Royals in Oils

Peter Campbell

  • The Sweetness of Life: A Biography of Elizabeth Louise Vigée Le Brun by Angelica Goodden
    Deutsch, 384 pp, £19.99, June 1997, ISBN 0 233 99021 6

In her portraits Elizabeth Louise Vigée Le Brun did her very best to give a pleasing account of the facts of the flesh. The faces are attractive, the expressions forthcoming and responsive. The phrase ‘a smile played around her lips’ could have been invented to describe them. Her trademarks are half-disclosed rows of little pearly teeth; up-and-under looks; draped shawls, Greek smocks, Oriental accessories and loosely gathered curls; or a heavenward gaze (which owed something to Greuze, but doesn’t have the repellent sentimentality of his tearful bearers of crushed blossoms). On seeing themselves in the mirror of her art, her sitters must have felt that they were smarter, prettier and livelier than they had imagined.

When she failed to please it was, at least in one case, because something stiffer was expected. Catherine the Great complained that her granddaughters were too informally dressed – and thus, I suppose, too available. Her touch with Varvara Ivanovna Narishkin, the illegitimate daughter of Countess Stroganova (the Countess had lent Vigée Le Brun a house in Moscow) is perfect, showing, in Angelica Goodden’s words, ‘a warm and seductive romanticism’. Mrs William Chinnery is, by comparison, a little bland.

Vigée Le Brun was at her best with romantic young girls and attractive men. The sublime was beyond her register: it is hard to take her picture of Madame de Staël strumming her lyre seriously, and when, late in life, she undertook a painting of Marie Antoinette in prison, the task proved so painful she gave up. Sentiment saved her from the kind of mistake Greuze made when he tried to extend a talent which had proved wonderfully apt to modern subjects into the realm of classical history.

She worked in an idiom which combined pretty colour, soft, bright light, and a meticulous but painterly finish. The colour and lively handling were part of the legacy of 17th-century Flanders to 18th-century France. The broader gestures and stormy chiaroscuro which her English contemporaries favoured, and which came to them by various routes from Caravaggio, would not have suited her. The painter John Opie is reported to have found Vigée Le Brun’s pictures good in ‘the imitation of particular things, velvet, silk etc’ but he also remarked that they gave him ‘no high pleasure as works of art’. Hoppner, more brutally, found even her way with stuffs wanting: a piece of drapery by Rembrandt ‘differs from the piece in the woollen-draper’s or in Madame Le Brun’s shop as much in appearance as in value’ and ‘on a feeble, vulgar and detailed imitation of articles of furniture and dress rests the whole of Madame Le Brun’s reputation.’
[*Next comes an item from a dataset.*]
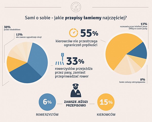 mówiącego też, że skręcające w prawo auta muszą im ustąpić. Aż 25% (1/4 biorących udział w badaniu kierowców!) nie ma świadomości istnienia tego przepisu, a więc jest potencjalnie mniej uważnych w sytuacjach, w których rowerzysta może wykorzystać to prawo. Z tych, którzy o nim wiedzą, tylko 27% popiera takie rozwiązanie, natomiast 46% wyraża się na jego temat zdecydowanie negatywnie. Wśród rowerzystów zdania są podzielone według dokładnie odwrotnych proporcji: niemal 50% uważa ten przepis za bardzo dobrą koncepcję, a tylko 25% jest mu przeciwna. Ilość rowerzystów nieświadomych istnienia tego przepisu to aż 24%! Wygląda na to, że ten przepis to nie tylko źródło niezgody pomiędzy rowerzystami, a kierowcami, ale też potencjalne źródło - czasem groźnych - nieporozumień na drodze.

Her defence was good craftsmanship: ‘as for these fabrics, these speaking cushions, these velvets on display in my shop, my view is that one should pay as much attention to all these accessories as possible, but without detriment to the heads.’ There was no easy meeting possible between a late 18th-century supplier of a well-made high-fashion commodity and early 19th-century painters persuaded they were gentlemen pursuing a liberal profession. Time has not decided the matter. A row of paintings by Copley, Hoppner and Opie may be dashing but you can tire of them before you are sated with Vigée Le Brun’s pretty frocks and bright eyes. And of these there is no shortage: she was prolific. She drove herself and sometimes she said she had spread herself too thin, but it is pretty clear that her talent perfectly suited her chosen métier. Painting less would probably not have meant painting better.

The feeling you get looking at her portraits – that it is the people she painted who have won you over – is, in part at least, an illusion. Much of what seems to be their personality is her invention. A few faces (the very beautiful, the very dramatic) make their own impression. Fashionable portrait painters are (or were – the genre is moribund) able to make show-stoppers of the less facially gifted. Their pictures stand to the portraiture of unvarnished (well, less varnished) truth – Frans Hals’s Dutch burghers, say – as court masques do to middleclass fiction. Courts have special needs when it comes to portraits. Vigée Le Brun did for Marie Antoinette and a swathe of the European aristocracy what Winterhalter did for the young Queen Victoria and Cecil Beaton for the women of the House of Windsor. She invented them as one might invent characters in a novel, treading a delicate path between the swooning – very hard to treat Emma Hamilton any other way, but not right for a princess – and the starchy. There is life in her inventions still. Trivial life as greetingcard material. Respectable (if more sedate) life as historical documents, to be studied in the hope that the informed mind will be able to persuade them to flutter with their old vivacity. Painting apart, she is clearly interesting, from our point of view, as a woman who was successful in a male profession.